Philip Tetlock and Dan Gardner.
Liberals had good reason to be delighted with the presidential election of 2012.
Not only did most polls accurately foresee a victory for Barack Obama, the poll-based analysis of Nate Silver and others proved to be spot-on. Conservative pundits were humiliated. All their detailed explanations for why a Romney victory was coming, all their careful dissection of polling methodologies, their talk of data bias, of unquantifiable factors, of gut feelings -- it all looked foolish when the votes were counted.
For liberals, it was hard not to gloat. "Let conservatives listen to people with 'gut feelings,' and vibration sensibilities," wrote liberal blogger Markos Moulitsas. "We'll stick to arithmetic." Conservatives are ideologically blinkered. Conservatives are anti-science, anti-evidence, anti-reason. Conservatives are so unlike liberals.
Liberals are smart and reality-based and would never fall for the sort of delusions that befuddled conservatives in the weeks leading up to the election.
For liberals, that's a pleasant conclusion. But it's wrong. And it's dangerous.
In a classic study published in 1979, psychologists Charles Lord, Lee Ross, and Mark Lepper carefully selected a group of 48 university students. Half were chosen because they supported capital punishment and believed it was an effective deterrent against crime. The other half felt the opposite.
The researchers asked the students to read a summary of what the researchers said was a randomly selected study. For example, one read: "Kroner and Phillips (1977) compared murder rtates for the year before and after adoption of capital punishment in 14 states. In 11 of the 14 states, murder rates were lower after adoption of the death penalty. This research supports the deterrent effect of the death penalty."
They were then asked to indicate whether they were now more or less opposed to capital punishment and whether they were more or less convinced that capital punishment deters crime.
The students were then given detailed information about the study, its methodology, criticisms of the methodology, and the author's responses to the criticisms. And again the students were asked: Are you now more or less opposed to capital punishment? Are you now more or less convinced that capital punishment deters crime?
The whole procedure was then repeated with a second study.
In reality, the studies weren't randomly selected. One supported the efficacy of capital punishment, one didn't. And the studies were fakes. The researchers carefully composed them, and arranged their presentation, so they were counter-balanced: same methodologies, same criticisms, same rebuttals. Only the conclusions varied.
And yet all the test subjects became more convinced they were right.
The cause of this seemingly impossible outcome was simple: People were very uncritical and accepting of the study that supported their existing belief but they were very critical and dismissive of the one that did not. Psychologists call this "confirmation bias." It's ubiquitous in how people think. And remarkably potent.
Unfortunately, people are very good at hiding the influence of confirmation bias, from others and from themselves.
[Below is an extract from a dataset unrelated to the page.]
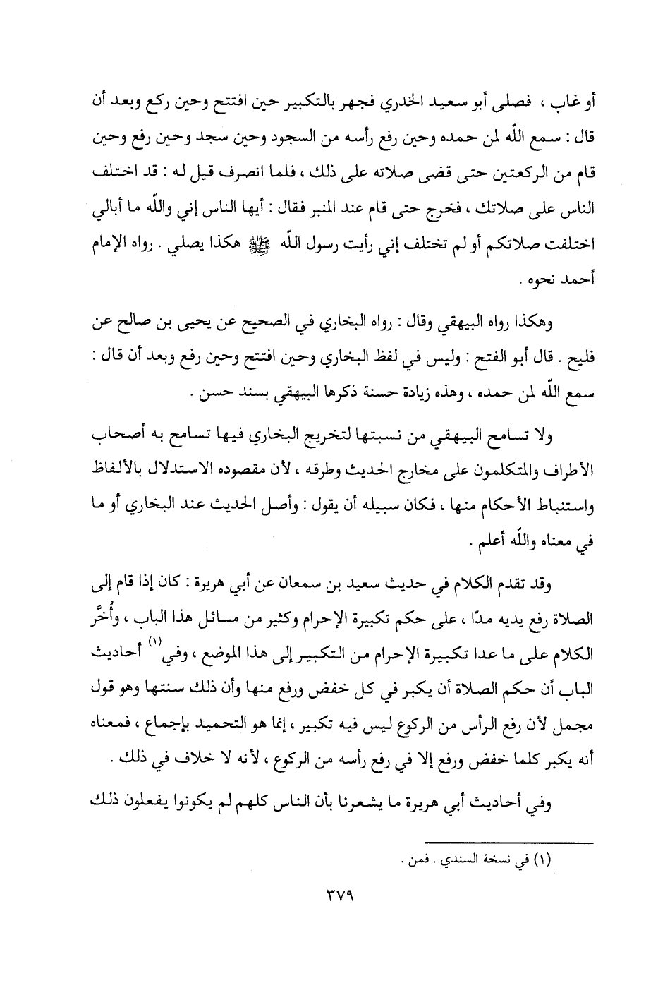 وهكذا رواه البيهقي وقال: رواه البخاري في الصحيح عن يحيى بن صالح عن فليح .. قال أبو الفتح: وليس في لفظ البخاري وحين افتتح وحين رفع وبعد أن قال: سمع الله لمن حمده، وهذه زيادة حسنة ذكرها البيهقي بسند حسن.
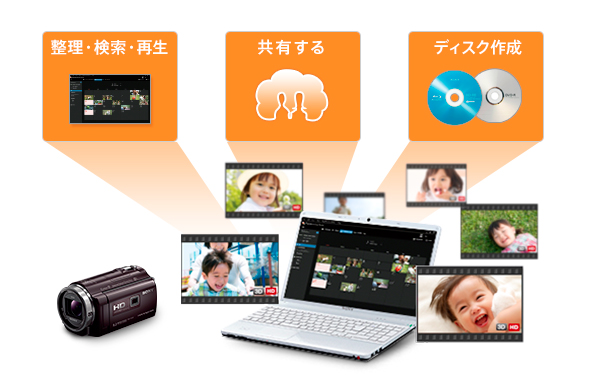 カレンダー表示で撮った映像をかんたんに整理・検索・再生が行えます。ハンディカムとパソコンをつなぐだけで、カメラ内の映像を取りこまなくても見ることができます。パソコンに取りこんでブルーレイディスクやDVDを作成したり、その他の便利な機能を使ったり、楽しくかんたんに管理、活用できます。

Consider that, as blatant as the students' biases in the study were, the language they used when commenting on the studies appeared perfectly objective and dispassionate. "The experiment was well thought out, the data collected was valid, and they were able to come up with responses to all criticisms," a supporter wrote. "The evidence given is relatively meaningless without data about how the overall crime rate went up in those years," a critic insisted.
Sound familiar?
In mid-October, following Mitt Romney's decisive win in the first presidential debate, Barack Obama's numbers fell and liberals flocked in vast numbers to the websites of Nate Silver and other aggregators. The president is still more likely than not to be re-elected, the quants said. Liberals smiled and their knotted muscles relaxed. It was like a big gulp of bourbon. No one knows how how many gave serious and careful consideration to polling methodologies and statistical analysis before accepting the quants' conclusions, but it's probably safe to assume it was a small minority. A very small minority.
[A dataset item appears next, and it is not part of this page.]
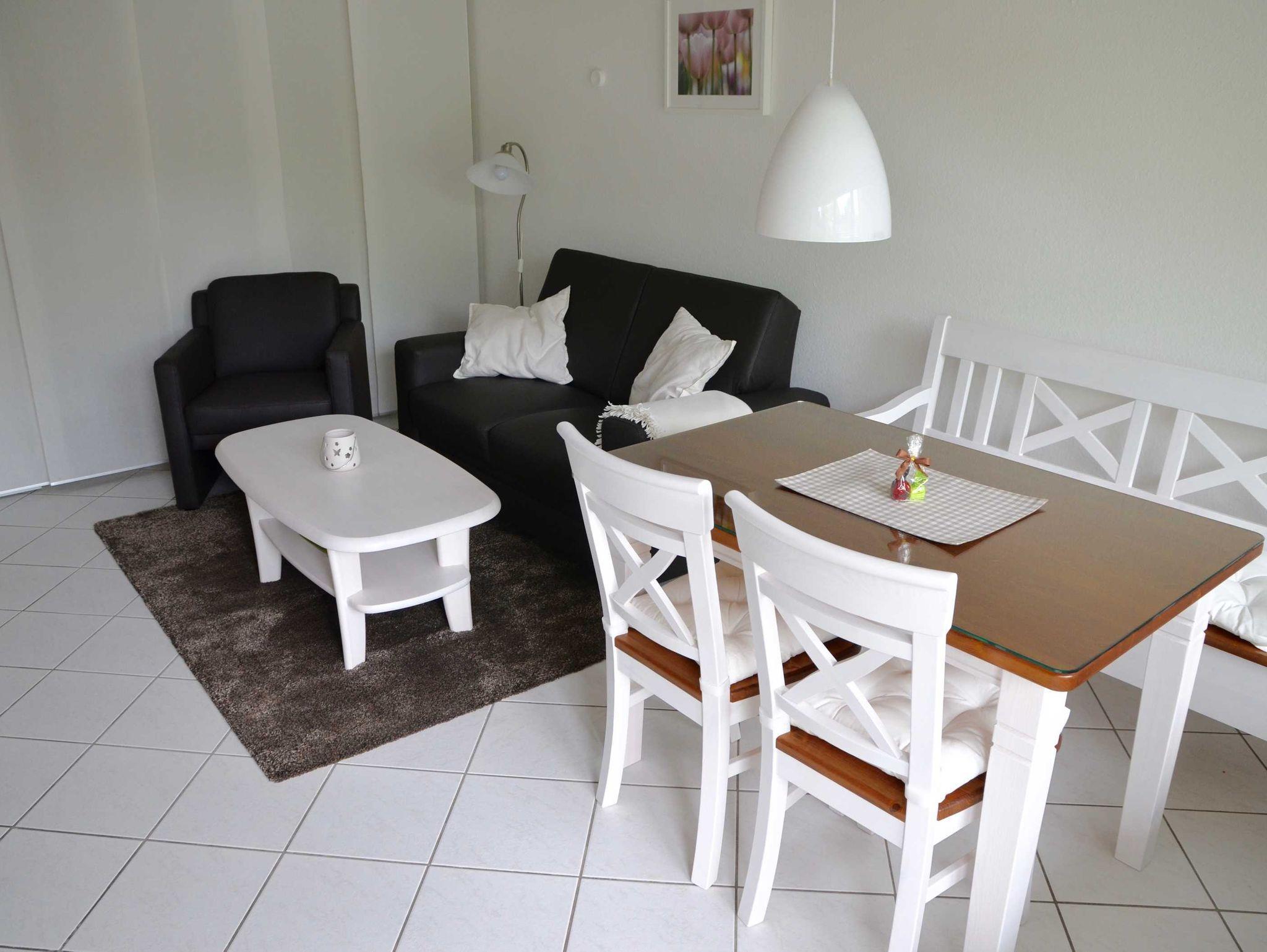 Die Wohnungen verfügen entweder über eine Terrasse mit Strandkorb. Die Ferienwohnungen bieten auf ca. 46qm Platz für 2 Erwachsene und bis zu 2 Kindern. Die Ferienwohnung unterteilt sich in Küche, Flur, Duschbad, Kinderzimmer mit Etagenbett (Zustellmöglichkeit Babybett vorhanden) und ein großes Wohn-Schlafzimmer. Die Höhe des Etagenbettes ist so angemessen, dass auch für Erwachsene, die getrennt schlafen möchten, der Einstieg bequem ist.

Not conservatives, though. They buried themselves in the minutiae of data gathering and collectively developed an impressively elaborate explanation for why the polls were wrong, the quants were fools, and Romney was headed to victory. Post-election, it's easy to see this as the mental gymnastics of committed partisans desperate to believe. But lots of liberals uncritically embraced the same analyses that conservatives hyper-critically rejected. What is that if not the flip-side of confirmation bias?
And what if the circumstances had been reversed? In the latter stages of the 2004 election, they were, albeit imperfectly. And what we saw then was conservatives uncritically accepting polls while many liberals carefully dissected their methodologies, discovered they were flawed, and came to the happy conclusion that John Kerry's chances of winning were much better than they appeared.
"Electoral College projections based on state polls show a dead heat. Prjections assuming that undecided voters will break for the challenger in typical proportions give Mr. Kerry more than 300 electoral votes," wrote New York Times columnist Paul Krugman on October 22, 2004. But the average person wasn't hearing the truth, Krugman complained, because CNN and Fox were highlighting polls that are methodologically skewed.
And let's not forget the masterpiece of critical thinking published in 1972, shortly before Richard Nixon's landslide win over George McGovern. It was a slim book entitled How McGovern Won the Presidency and Why the Polls Were Wrong.
It's a human thing. And liberals are human, too.